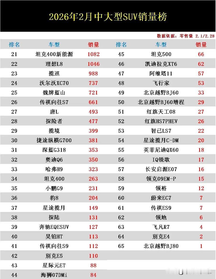 又是大胜!刚看了2026年2月中大型SUV销量排行榜,给人的第一印象就是市场竞争格局已大变天了,在榜单前二十名里面清一色的国产新能源车型,尤其在榜单前十名里面国产车的统治力更为强悍,成功包揽了九个席位。而传统合资品牌风光已不再了,仅宝马X5勉强守住第5名的位置,途昂、普拉多排名分别掉到了第14和第20名,销量均在急剧萎缩。第一名小米YU7、第二名理想i6、第三名钛7,第四名问界M7!
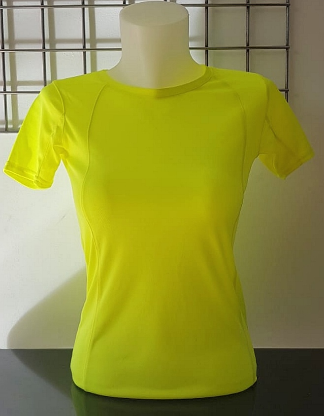 Camiseta deportiva para mujer de manga corta, ligeramente entallada, con costura decorativa en frente, espalda y mangas. Etiqueta removible. Disponible en 12 colores y desde la talla S hasta la XXL.
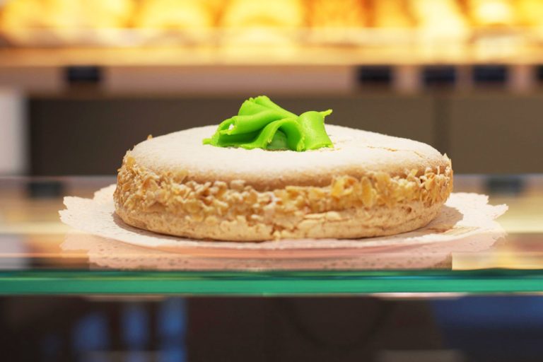 Die Baarer Räbentorte ist eine geschichtete Torte: Auf den Boden aus einer Mandelmakrone folgt Buttercrème…
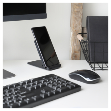 Le chargeur est un modèle debout, super pratique sur votre bureau ou votre table de chevet pour vérifier vos notifications sans avoir à retirer votre téléphone du chargeur.
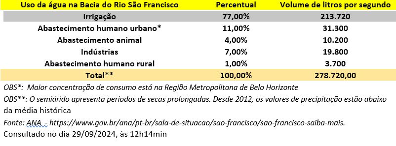 Segundo a Agência Nacional das Águas e Saneamento Básico (ANA), os principais usos de água na Bacia do rio São Francisco são irrigação (77%) e abastecimento humano (12%). Vale ressaltar que os irrigantes gastam seis vezes mais água do que a população de 512 municípios de seis estados abastecidos pelo São Francisco.
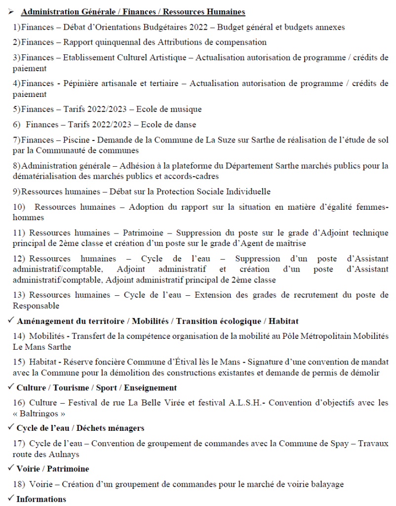 Les autres dossiers vont être traités beaucoup plus rapidement d’où la nécessité d’avoir potassé les dossiers en amont. Quelques points à retenir : les tarifs pour la nouvelle école de danse communautaire ont été fixés pour la prochaine rentrée 2022/23, l’étude de sol du terrain proposé par La Suze pour accueillir la piscine vient d’être lancée, la création d’un groupement de commandes pour le marché de voirie balayage est actée.
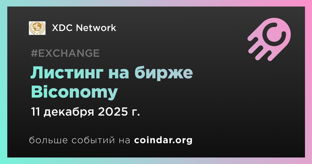 Biconomy проведет листинг XDC Network (XDC) в рамках торговой пары XDC/USDC 11 декабря в 12:00 по UTC.

◇ ◇ ◇

» EXERCISE INSTRUCTIONS
Once the pictures are set aside, repeat the data above exactly as written.

» EXPECTED ANSWER
 又是大胜!刚看了2026年2月中大型SUV销量排行榜,给人的第一印象就是市场竞争格局已大变天了,在榜单前二十名里面清一色的国产新能源车型,尤其在榜单前十名里面国产车的统治力更为强悍,成功包揽了九个席位。而传统合资品牌风光已不再了,仅宝马X5勉强守住第5名的位置,途昂、普拉多排名分别掉到了第14和第20名,销量均在急剧萎缩。第一名小米YU7、第二名理想i6、第三名钛7,第四名问界M7!
 Camiseta deportiva para mujer de manga corta, ligeramente entallada, con costura decorativa en frente, espalda y mangas. Etiqueta removible. Disponible en 12 colores y desde la talla S hasta la XXL.
 Die Baarer Räbentorte ist eine geschichtete Torte: Auf den Boden aus einer Mandelmakrone folgt Buttercrème…
 Le chargeur est un modèle debout, super pratique sur votre bureau ou votre table de chevet pour vérifier vos notifications sans avoir à retirer votre téléphone du chargeur.
 Segundo a Agência Nacional das Águas e Saneamento Básico (ANA), os principais usos de água na Bacia do rio São Francisco são irrigação (77%) e abastecimento humano (12%). Vale ressaltar que os irrigantes gastam seis vezes mais água do que a população de 512 municípios de seis estados abastecidos pelo São Francisco.
 Les autres dossiers vont être traités beaucoup plus rapidement d’où la nécessité d’avoir potassé les dossiers en amont. Quelques points à retenir : les tarifs pour la nouvelle école de danse communautaire ont été fixés pour la prochaine rentrée 2022/23, l’étude de sol du terrain proposé par La Suze pour accueillir la piscine vient d’être lancée, la création d’un groupement de commandes pour le marché de voirie balayage est actée.
 Biconomy проведет листинг XDC Network (XDC) в рамках торговой пары XDC/USDC 11 декабря в 12:00 по UTC.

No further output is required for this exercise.